Super late to the party – Happy Birthday Chump Lady! Oh, to be 49 again! Hope you are getting your funkadelic on and celebrating to the max! -The Commodores classic is ringing in my brain – and mighty mighty is taking on a whole new meaning! All the best to you and chump nation.
“She’s a brick house, she’s mighty mighty
And just lettin’ it all hang out and she’s a brick house…”
…And, to the super sweet CN guys, this is for you too! He is Mighty, Mighty!
Wishing you a wonderful Birthday CL!!! Thank you for this blog it has been a window for me seeing and understanding a narc cheater and the disorder that comes with it. Tuesday will come for me at some point and that will be my ‘birth’ day. Believe me, this marriage vagina is one I am dying to exit! 🙂
I love CL❗️I pray every day for her too. wHen I feel week I remember her story of saving money and moving in a few months. I read all her stories in order. I went to the doctor and followed her instruction to the “T” you CN are the only one that knows my story not even my mom or relatives. I am just waiting to “scape” like Houdini …. I just want to walk out on my feet and not wait for $$ from the f&/@ing bastard. NO MC just CN & CL keep me going week by week!
Happy birthday, CL! Thanks for all the hard work you have poured into this site and this community!

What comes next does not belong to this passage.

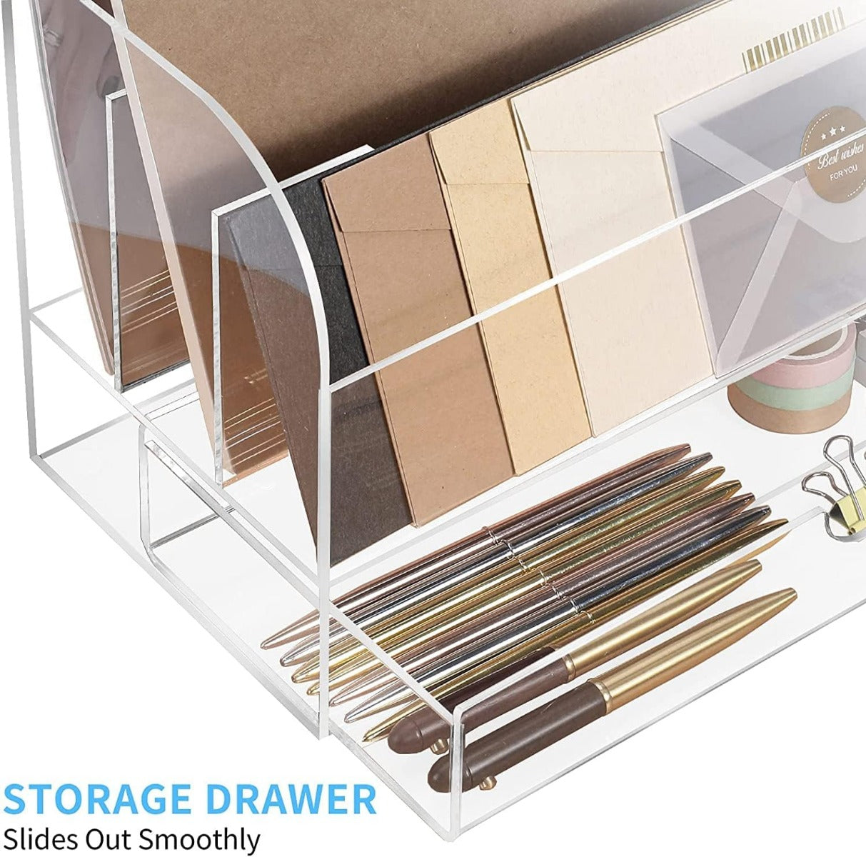 - Multiple Space for Everything: (33x16x20cm), 3 slots and 1 drawer clear desk organizer with well-thought out dimensions for your desk accessories that keep the stuff you need at hand.
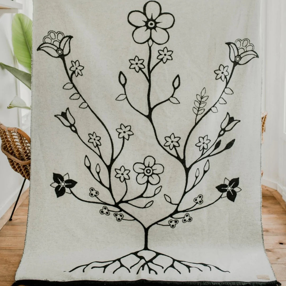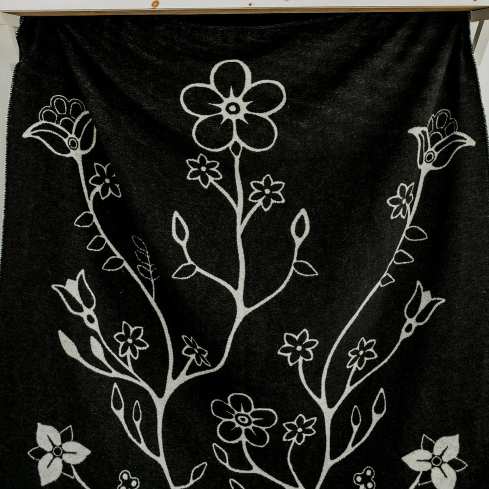 MINI TIPI Black & White Woodland Floral Panel Blanket

Happy birthday Tracy! I am so grateful for your sharing your experiences and insights so publicly. Your site has been a godsend to me the past 8 months since my STBXH left me and our three young children. Everything described here is what I went through. Before finding your site, I felt so alone in the surreal experiences I went through on multiple DDays and fake reconciliation. I also turned 40 this year like many of the writers. For my 39th birthday, my STBXH went shopping for my present with the woman who was his AP. I didn’t know she was AP at the time (she was a married friend of mine) but something made me very uncomfortable about it. He always made me feel like I was crazy for being suspicious – your comment about feeling relief when you find out it is true that your partner is cheating spoke to me – I finally knew I wasn’t crazy. My divorce lawyer had me hire a private investigator and I learned about the AP and that he was cheating on the AP with a 20 year old (he is 41). Anyway, I just wanted to thank you for helping me put into perspective what I’ve bren through and give me hope for a better future. Wishing you all the best!
There are very few sayings that have stuck with me over the years. Someone quoting “Codependency is the addiction to the POTENTIAL of things” is what first drew me to check out your site. I still believe it’s quite brilliant and quite true. Happy belated Birthday CL. Thank you so much for doing what you do and telling it like it is.
Happy Birthday, Tracy. I always felt September babies were after thoughts of passion during New Years celebrations.
Hope it was a delightful one this year!